The following is my current understanding on SROS workflow:
SROS keyserver first creates keypairs and certificates for the root and master nodes.
When publisher/subscriber nodes are launched for the first time, the keyserver creates keypairs and certificates for them. Subsequently, nodes send their certificates to the master and master signs/verifies the certificates and registers the nodes.
Finally, these nodes can use these master-verified certificates to create a TLS channel between them and have an encrypted communication.
I hope you could answer a few questions on SROS for me.
Do you assume a one-to-one synchronous TLS communication between the nodes using topics for communication (similar to ROS services)?

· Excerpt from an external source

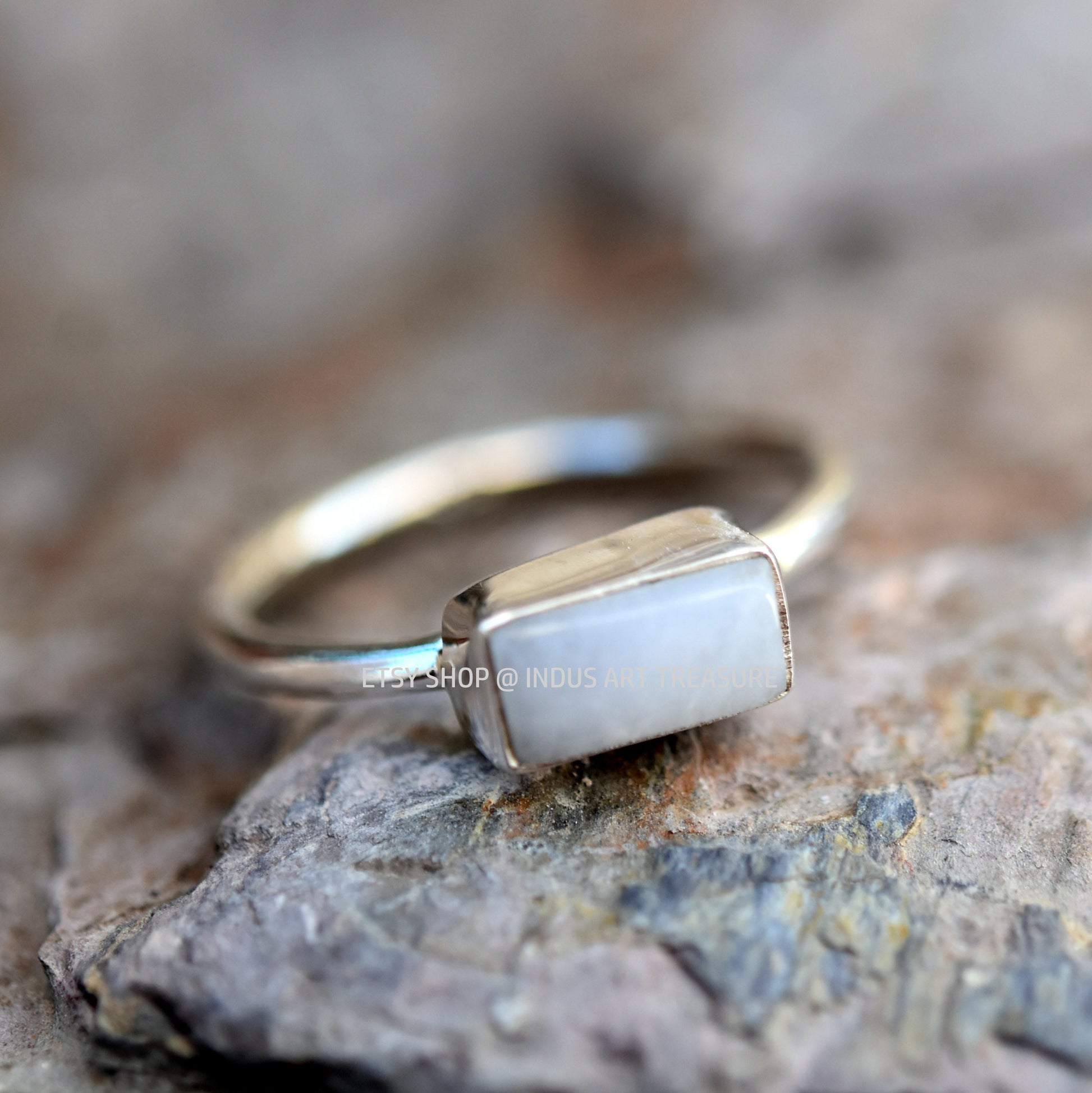 Product : Natural White Quart Dainty Ring, Birthstone Ring, Quartz Ring, 925 Sterling Silver Ring, Handmade Ring, Peace Ring, White Stone Ring,Gift for Her, Minimalist Ring.

If I understand correctly the keyserver only generates the keys, certificates for the nodes (based on the user-defined configuration, policies etc.) but it does not sign the node’s public key certificate i.e. keyserver does not act as CA for nodes. In the current SROS implementation, does the rosmaster register the node and sign its certificate acting as a CA when a node connects to the rosmaster for the first time?
If yes, does the rosmaster authenticate or check the node’s authorization rights before it registers the node and verifies its certificate?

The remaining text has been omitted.